Because when in the beginning of this year the .be domainname was used/tested by the operators of the fastflux botnets (in which the IP address and the location changes every tiime but only the domainname stays the same so it makes no sense in trying to get the server down) it was by a drastic but effective coordinated action by the FCCU, the magistrate and the DNS responsable for the .be domainname that those names were quickly blocked at the root level. The reason is that or the domains were registrered by fraudulent addresses or they were used for fraudulent illegal activities and based upon our commercial and cybercrime laws those domains could be blocked immediately. Also the conditions of use by DNS.Be gave dns.be the possibility to do such a thing if they were instructed by the justice department.

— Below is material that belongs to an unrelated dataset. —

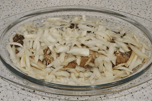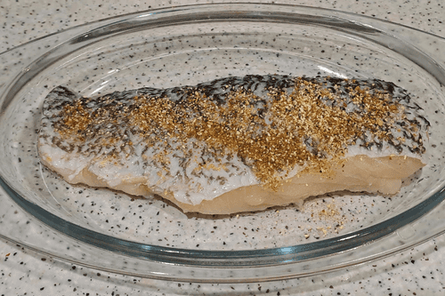 Wash the fillet of the bighead carp well under running water, dry it with a paper towel, place it in a baking dish, salt to taste, and sprinkle with fish seasoning.

The .at and .in domainextension managers should look into it and demand themselves if they will let the problem continue and grow (and arrive at the same blacklist as .ru and .cn if you don't need them extensively) or if they will act and preserve the trust in their domainextension.

Start with getting into contact with arbor networks.

Check the listings often.

Have a process for handling such cases quickly (standard form for the magistrate from the police/cyberpolice with the standard proof from the web and the registration) and block it at your root dns of the domainextension. They will continue to try now and than, but if you follow up they will just go on untill they find another domainextension that doesn't have such processes.

Oh yes and if you find 10 domains that are registrered by the same person you should block them all, even if they were not all used because if 5 were used for phishing than the other five will not be used for personal means.

It is effective because aside one or two new trials we haven't seen any .be domains in the list of fastflux domains in 2009 after the first re-action.